• **What you should do**
Would you print the lines below exactly, beginning at the line that has "寿县2024年第32批次(增减挂钩)城镇建设用地协议签订情况表" and stopping after the line that has "四轮液压升降平台技术参数"? Only those lines, and no pictures.

(Stored data entries)
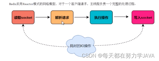 Redis的单线程主要是指Redis的网络IO和键值对读写是由一个线程来完成的,Redis在处理客户端的请求时包括获取(socket 读)、解析、执行、内容返回(socket 写)等都由于个顺序串行的主线程处理,这就是所谓的“单线程”。这也是Redis对外提供键值存储服务的主要流程。
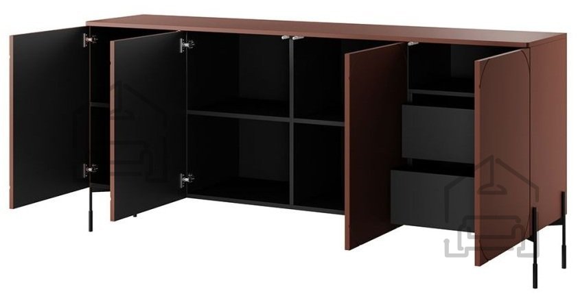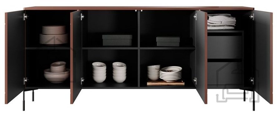 Die Kommode Sonatia 200 4D2SZ ist die perfekte Wahl für alle, die Schönheit und Funktionalität verbinden möchten. Mit vier Türen und zwei geräumigen Laden bietet sie reichlich Platz für Kleidung, Bücher oder andere Gegenstände. Die 3 mm starke Rückwand aus schwarzer HDF-Platte sorgt zusätzlich für Stabilität und Festigkeit.
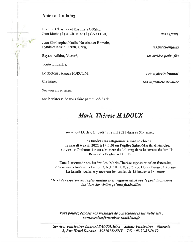 Une grosse pensée pour ma voisine marie Thérèse une damme très gentil nous présentons nos sincère condoléances à la famille courage dans cette épreuve dificil . Reposer en paix marie Thérèse vos voisin du 3 place de la Rochelle
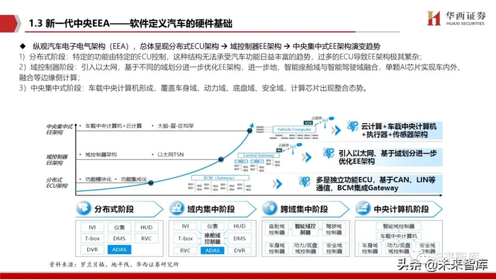 3)中央集中式阶段:车载中央计算机形成,覆盖车身域、动力域、底盘域、安全域,计算芯片出现整合态势。
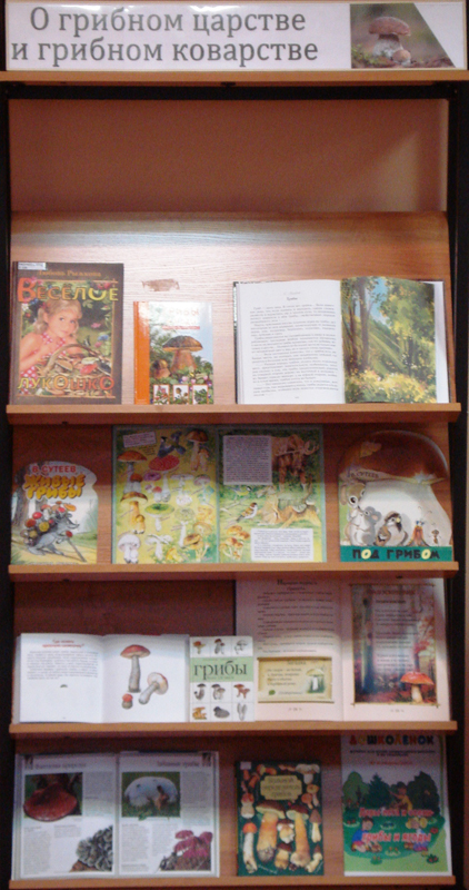 Кафедра детской литературы приглашает читателей посетить выставку, посвященную грибной поре. Что мы знаем о грибах? Ученые выделили их в отдельную группу живых существ − царство грибов. И оказывается, на Земле существует около пяти миллионов видов различных грибов. Это − лишайники, плесень, дрожжи. Ну и, естественно, сами грибы.
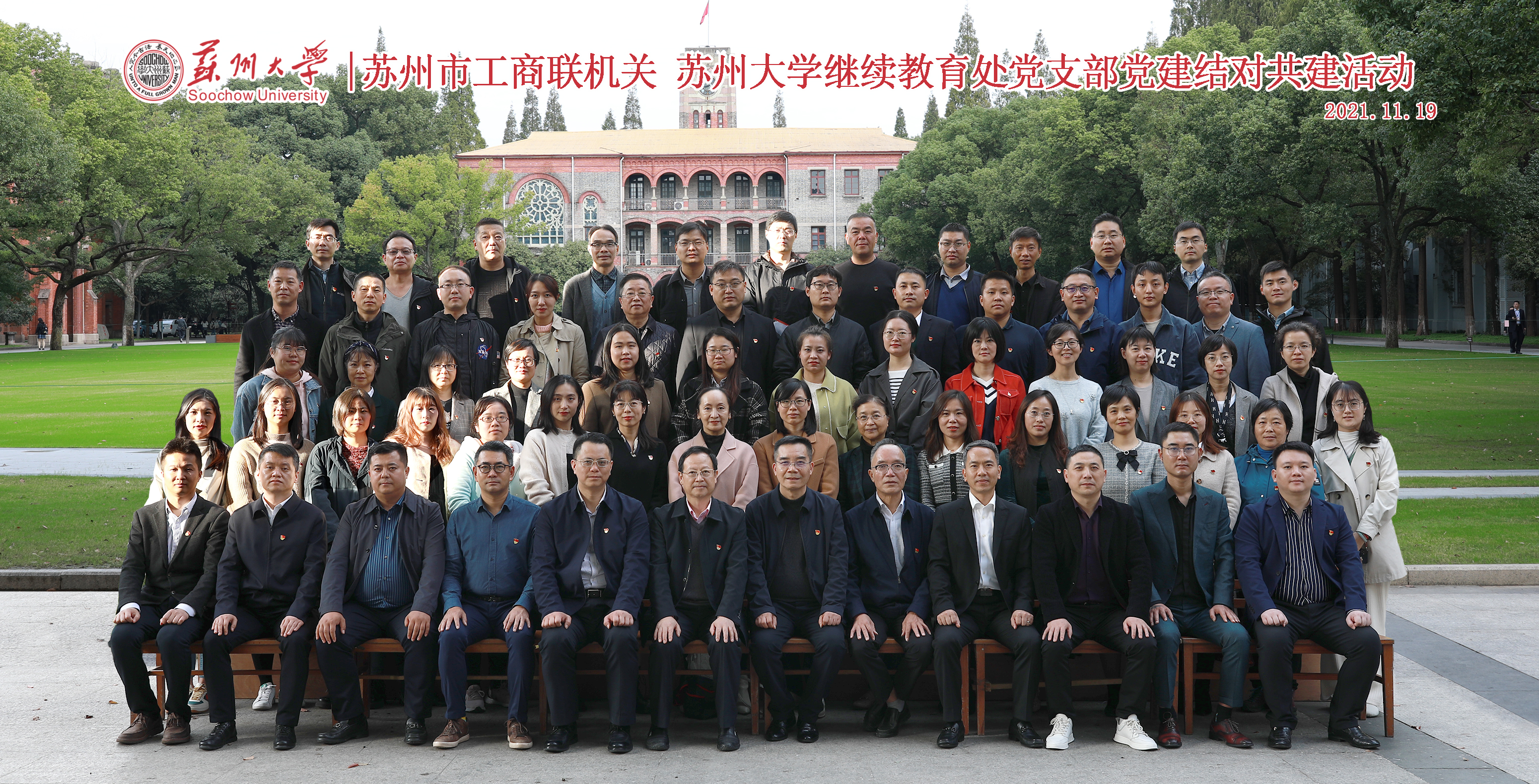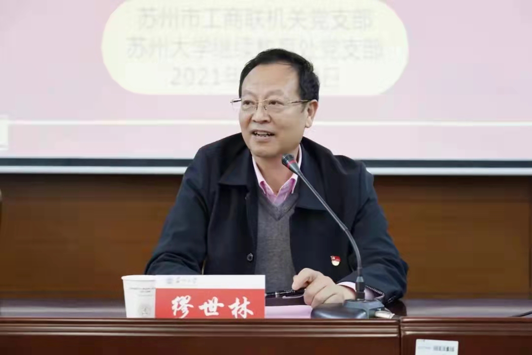 为充分发挥苏州大学继续教育处和苏州市工商联各自的优势和作用,进一步加强苏州市工商联企业家培训基地建设,优化完善校企服务平台,服务和促进“两个健康”,结合党史学习教育“我为群众办实事”“两在两同”建新功行动,11月19日下午,苏州大学继续教育处党支部和苏州市工商联机关党支部共同举办以“党建牵引、服务赋能,共促校企合作平台建设”为主题的党建结对共建活动。
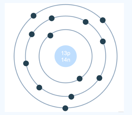 Nguyên tử aluminium gồm hạt nhân có 13 proton, 14 neutron, và vỏ nguyên tử có 13 electron.
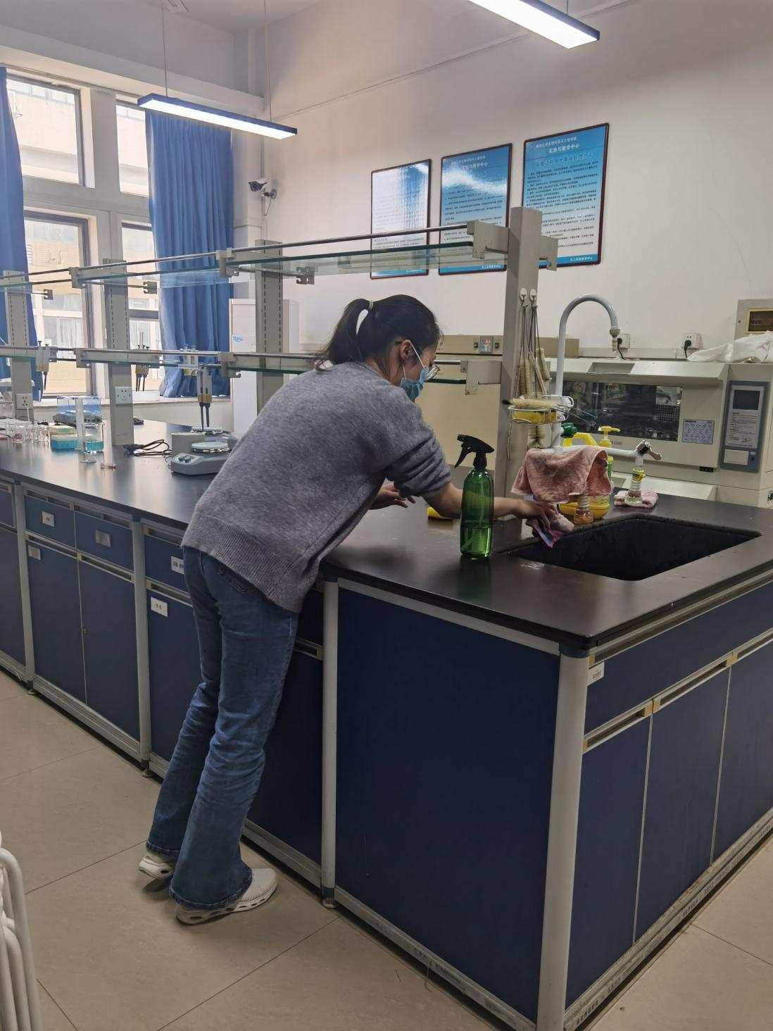 志愿者们热情满满走进实验室,清洗烧杯、玻璃棒等实验工具,打扫地板、擦拭实验台面,有序整理摆放各类实验器械。他们合理分工合作,认真参与卫生清扫,积极为同学们营造了良好的学习和实验环境。
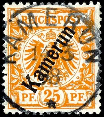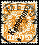 | Zusatzinformationen und Suchstichworte: | Dr. Reinhard Fischer 187. Auktion Auktionstermin: 15. Juli 2022 Los 3412 Deutsche Kolonien Kamerun 25 Pfennig Krone/Adler mit Plattenfehler II (I oben gespalten), sauber gestempelt "KAMERUN", gute Bedarfserhaltung, Befund Steuer BPP, Mi. 300.- Ausruf 90,00 EUR |
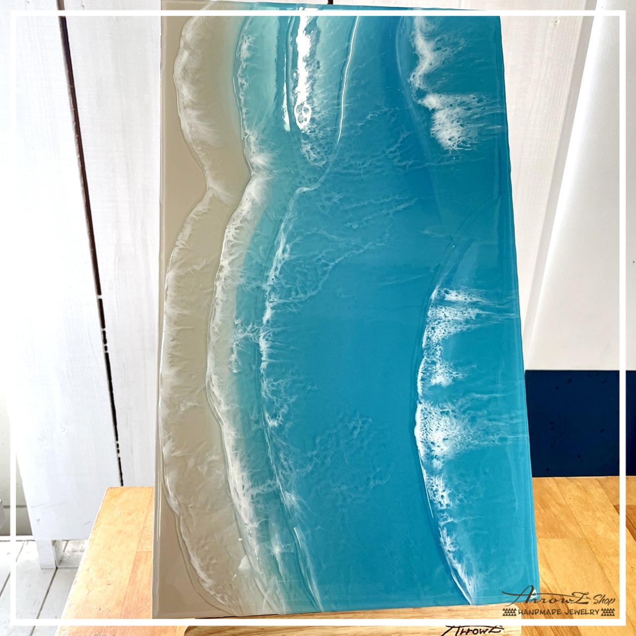 【P-16】波レジンアート 海アート WaikikiBeach インテリアパネル
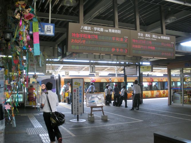- Trem temático passando pela estação de Matsuyama, na província de Ehime, vizinha de Kochi
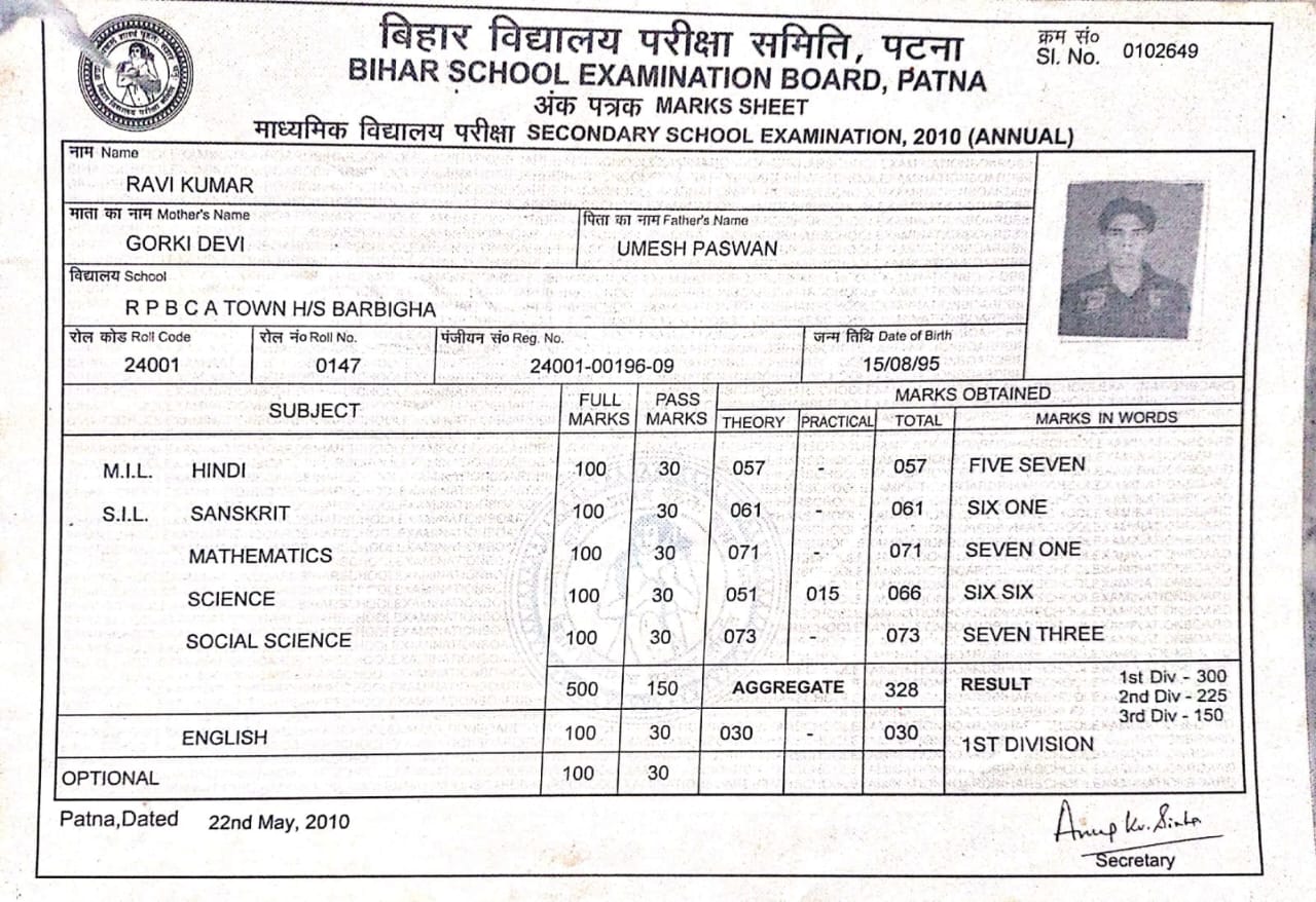 | Exam | Full Marks | Pass Marks | Marks Obtained |
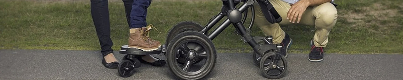 När det är dags för den där åldern då det äldsta barn gärna går på egen hand, men ändå blir trött då och då, eftersom benen inte är fullt så långa som på en vuxen än, då är det smidigt och praktiskt att investera i en ståbräda att fästa på småsyskonets vagn. På så sätt kan storebror eller storasyster gå själv, men ändå ställa sig och hålla fast när det börjar bli lite kinkigt, alternativt när mamma eller pappa vill att det ska gå lite fortare framåt eller att det ska vara lite enklare att ha koll på var barnet är. Ståbrädor i olika former och designer En ståbräda behöver inte bara vara praktisk, den kan även se rolig ut för barnet, vilket de ståbrädor vi har här på Pyret & Snäckan verkligen visar. Här finns även otroligt praktiska stå- och sittbrädor, där det även finns en liten sittplats för barnet monterad på ståbrädan. Då kan man som liten till och med välja att sitta ned en stund när tröttheten kommer över en. Ståbrädor är även praktiska på så sätt att de kan fällas in och enkelt monteras bort från vagnen, utifall att de skulle vara i vägen.
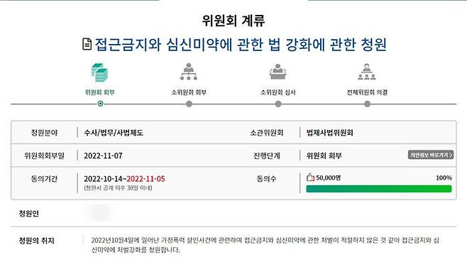해당 청원은 오는 11월 13일까지 진행될 예정이었지만, 지난 5일 국회 국민 동의 청원 성립 요건인 5만 명을 달성해 조기 마감되면서 오늘(7일) 법제사법위원회 회부된 것으로 파악됐습니다.
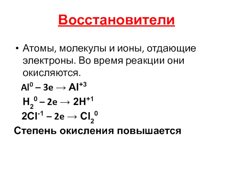 Атомы, молекулы и ионы, отдающие электроны. Во время реакции они окисляются.
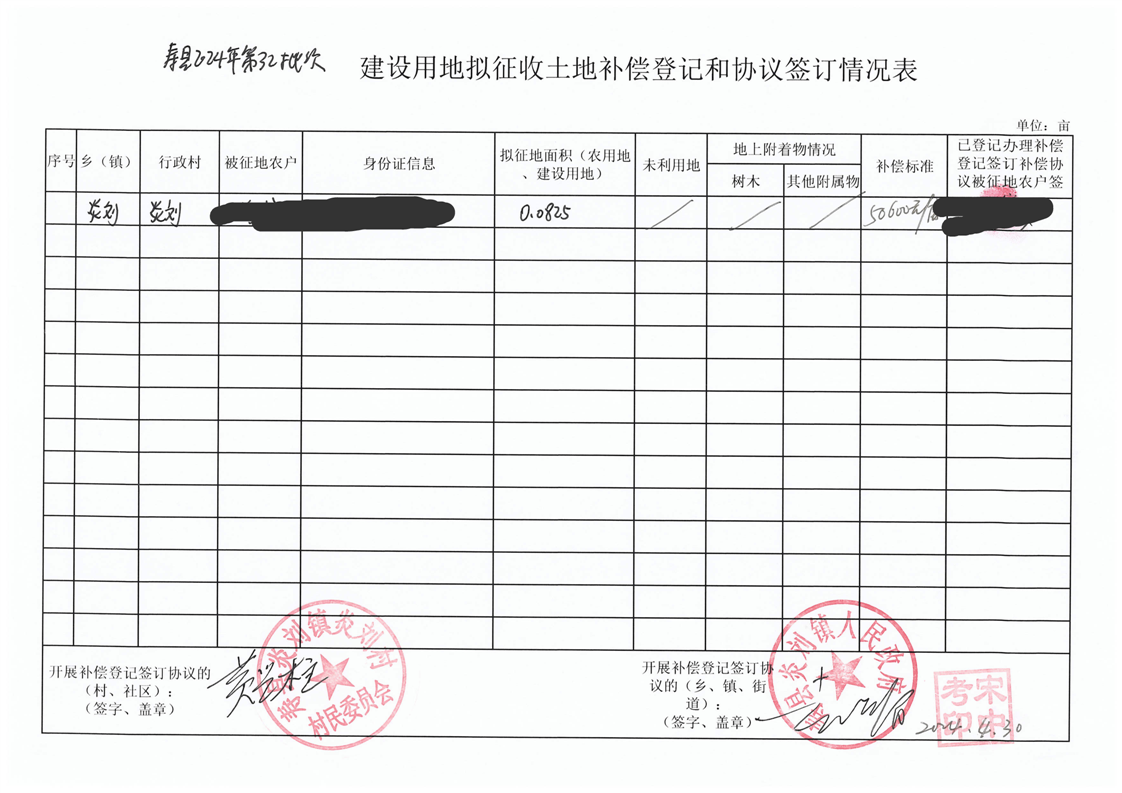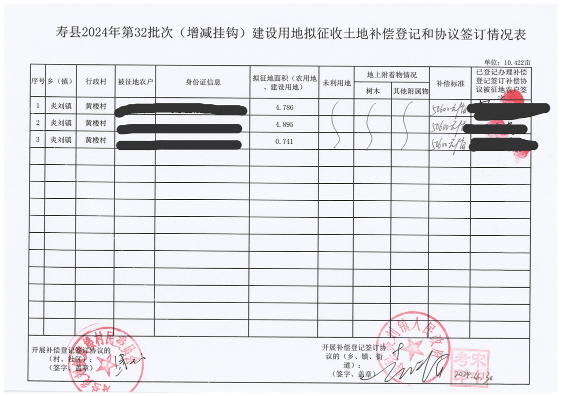 寿县2024年第32批次(增减挂钩)城镇建设用地协议签订情况表
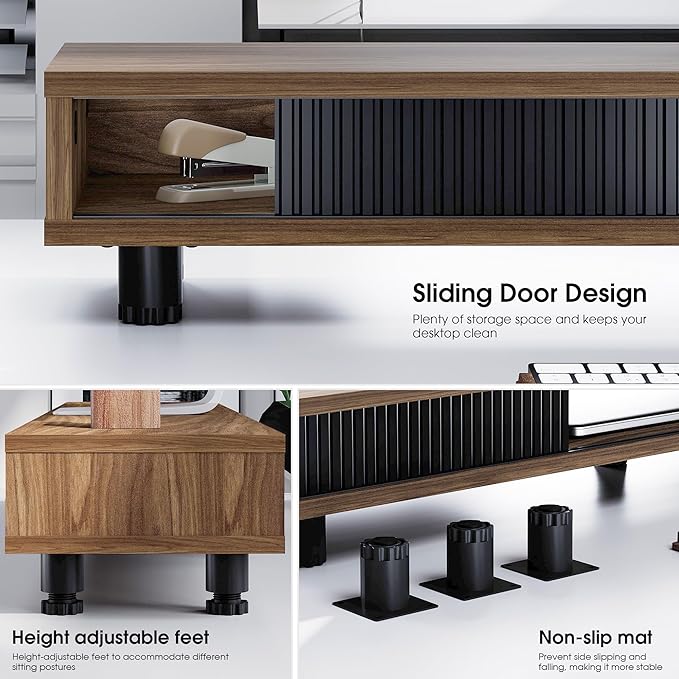 - 【Space Optimization】: Experience effortless desk organization with our monitor stand, 2-tier storage space, 42.5 inches long monitor stand, 3 high capacity compartments, and a convenient sliding drawer, and cable management openings. Streamline your workspace and make your work a breeze
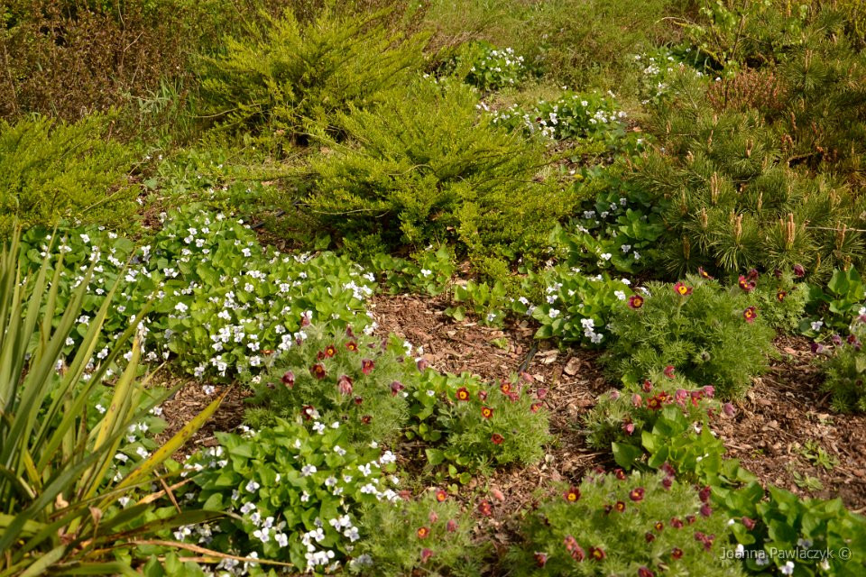 Ogród w zbliżeniu. Jest to tylko część roślin jakie w nim rosną. Niestety niektórych jeszcze nie znam. Jest w nim bardzo dużo irysów, a wiosną sasanek. co tydzień zmienia on swój kolor. Chyba każdy ogród jest najpiękniejszy wiosną, kiedy kwitną bzy, tulipany i sasanki. Część ogrodu zajmują trway i wrzosy.
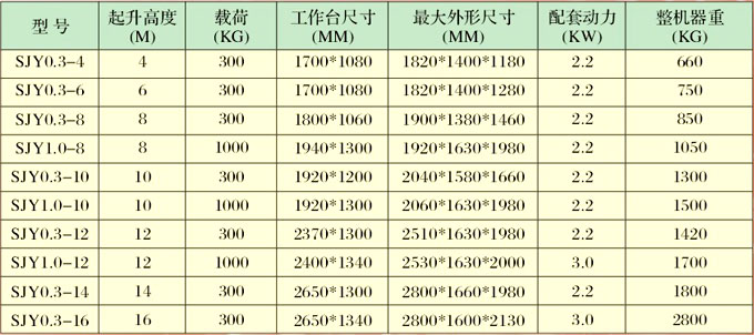 四轮液压升降平台技术参数
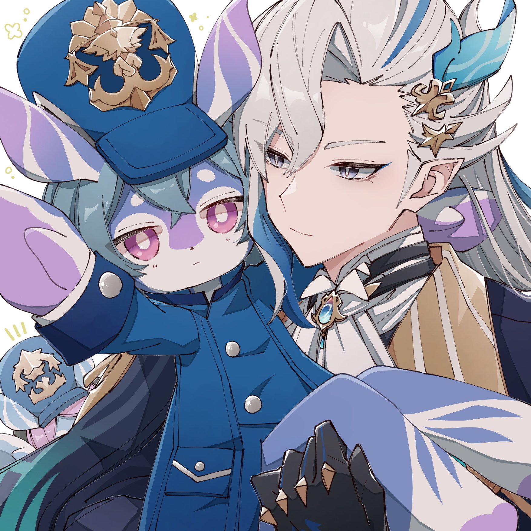 1boy 2girls arm_up ascot asymmetrical_bangs black_gloves blue_coat blue_eyeliner blue_gem blue_hair blue_headwear bright_pupils brooch buttons carrying closed_mouth coat commentary_request crossed_bangs expressionless eyeliner gem genshin_impact gloves grey_hair hair_between_eyes hair_ornament hat highres jewelry jifu_(gifu_7) long_hair long_sleeves looking_at_another makeup melusine_(genshin_impact) menthe_(genshin_impact) muirne_(genshin_impact) multicolored_hair multiple_girls neuvillette_(genshin_impact) notice_lines parted_bangs peaked_cap pink_hair pointy_ears princess_carry purple_eyes reaching reaching_towards_viewer short_hair simple_background streaked_hair upper_body white_ascot white_background white_hair white_pupils

• **Finished task**
 寿县2024年第32批次(增减挂钩)城镇建设用地协议签订情况表
 - 【Space Optimization】: Experience effortless desk organization with our monitor stand, 2-tier storage space, 42.5 inches long monitor stand, 3 high capacity compartments, and a convenient sliding drawer, and cable management openings. Streamline your workspace and make your work a breeze
 Ogród w zbliżeniu. Jest to tylko część roślin jakie w nim rosną. Niestety niektórych jeszcze nie znam. Jest w nim bardzo dużo irysów, a wiosną sasanek. co tydzień zmienia on swój kolor. Chyba każdy ogród jest najpiękniejszy wiosną, kiedy kwitną bzy, tulipany i sasanki. Część ogrodu zajmują trway i wrzosy.
 四轮液压升降平台技术参数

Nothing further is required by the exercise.